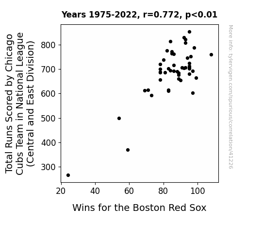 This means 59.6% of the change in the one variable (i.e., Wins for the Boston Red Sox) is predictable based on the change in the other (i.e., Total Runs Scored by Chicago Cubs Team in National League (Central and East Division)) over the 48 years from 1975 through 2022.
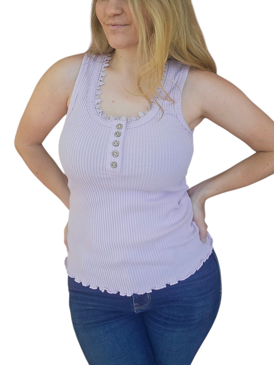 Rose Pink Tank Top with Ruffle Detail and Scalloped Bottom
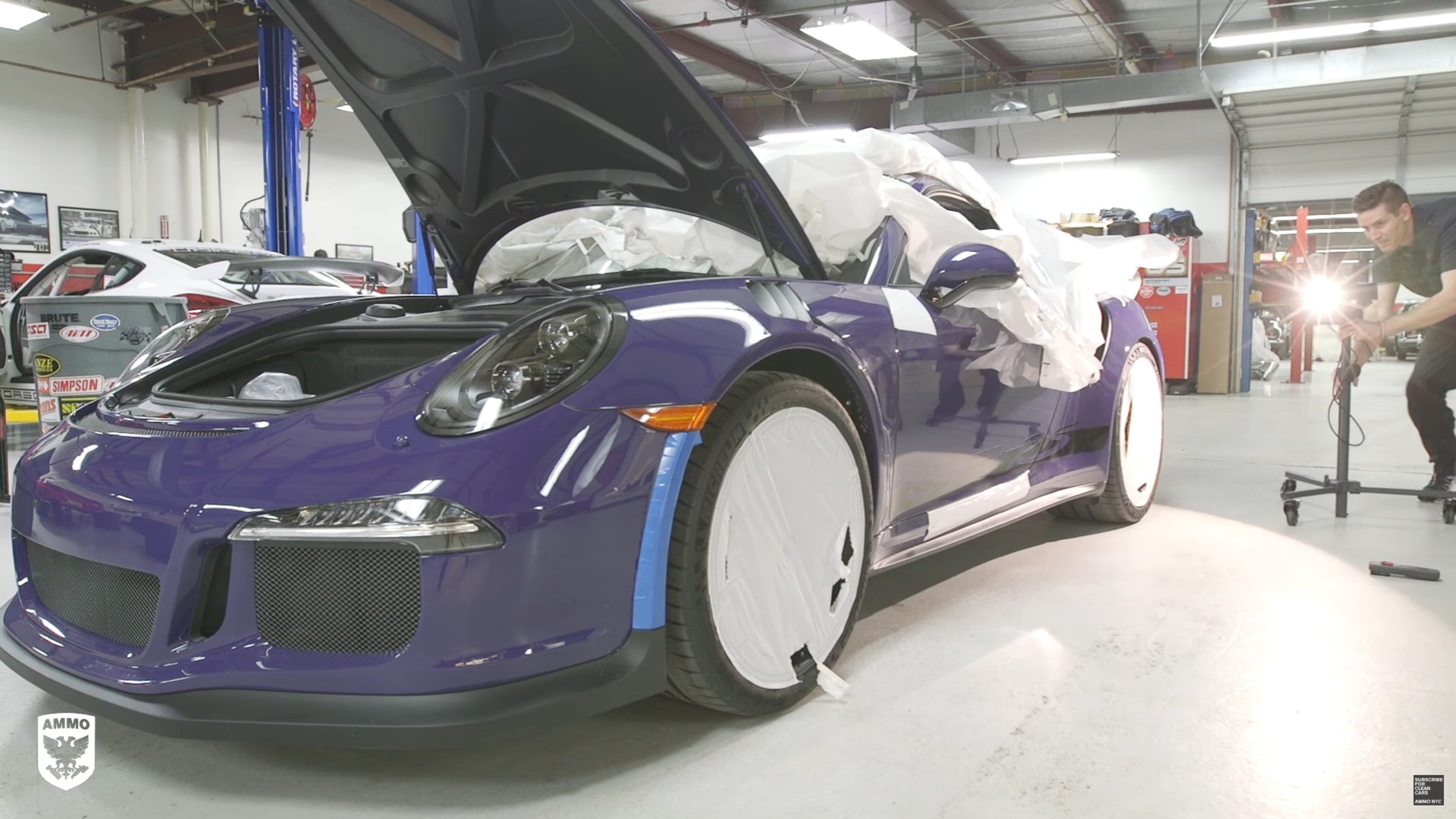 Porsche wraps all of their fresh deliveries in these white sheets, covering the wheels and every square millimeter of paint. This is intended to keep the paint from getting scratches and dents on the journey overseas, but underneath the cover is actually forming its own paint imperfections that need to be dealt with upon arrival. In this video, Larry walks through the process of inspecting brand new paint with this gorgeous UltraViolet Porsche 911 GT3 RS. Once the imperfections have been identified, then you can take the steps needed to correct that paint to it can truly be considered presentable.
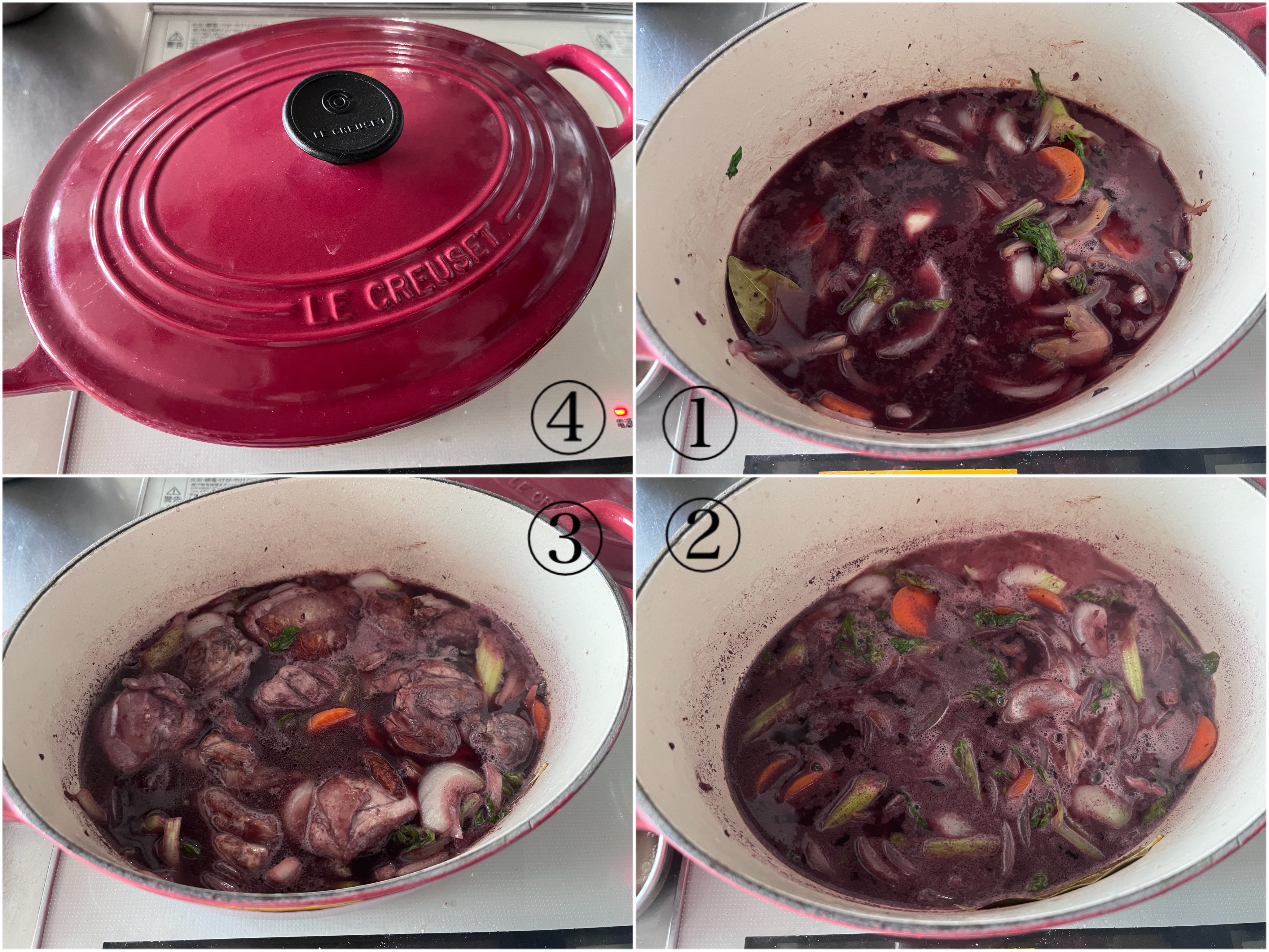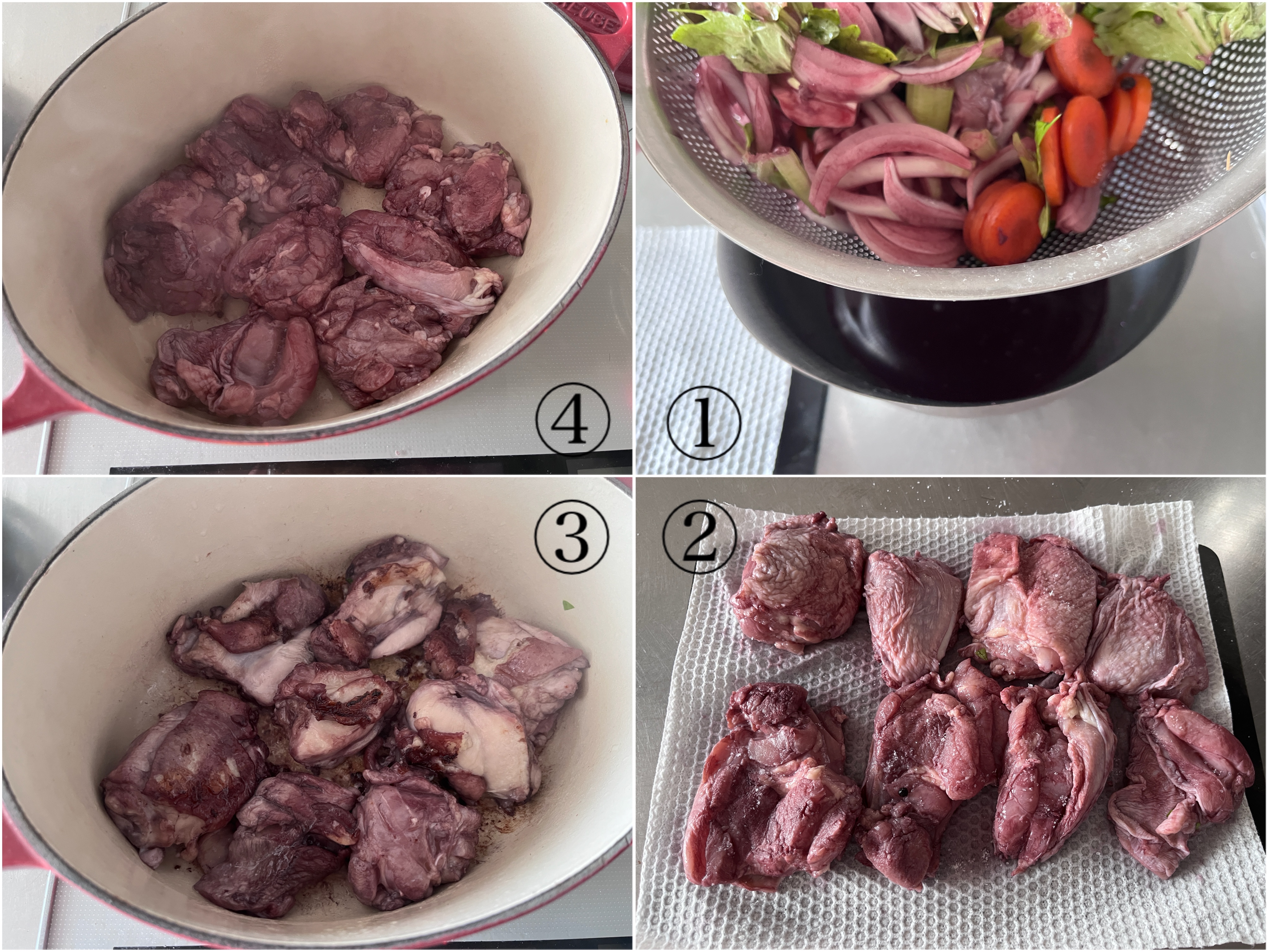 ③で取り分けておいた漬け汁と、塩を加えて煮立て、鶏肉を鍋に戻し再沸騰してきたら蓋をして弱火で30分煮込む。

## Task statement:
All of the material above should be set down again exactly, though not its pictures.

## Answer space:
 This means 59.6% of the change in the one variable (i.e., Wins for the Boston Red Sox) is predictable based on the change in the other (i.e., Total Runs Scored by Chicago Cubs Team in National League (Central and East Division)) over the 48 years from 1975 through 2022.
 Rose Pink Tank Top with Ruffle Detail and Scalloped Bottom
 Porsche wraps all of their fresh deliveries in these white sheets, covering the wheels and every square millimeter of paint. This is intended to keep the paint from getting scratches and dents on the journey overseas, but underneath the cover is actually forming its own paint imperfections that need to be dealt with upon arrival. In this video, Larry walks through the process of inspecting brand new paint with this gorgeous UltraViolet Porsche 911 GT3 RS. Once the imperfections have been identified, then you can take the steps needed to correct that paint to it can truly be considered presentable.
 ③で取り分けておいた漬け汁と、塩を加えて煮立て、鶏肉を鍋に戻し再沸騰してきたら蓋をして弱火で30分煮込む。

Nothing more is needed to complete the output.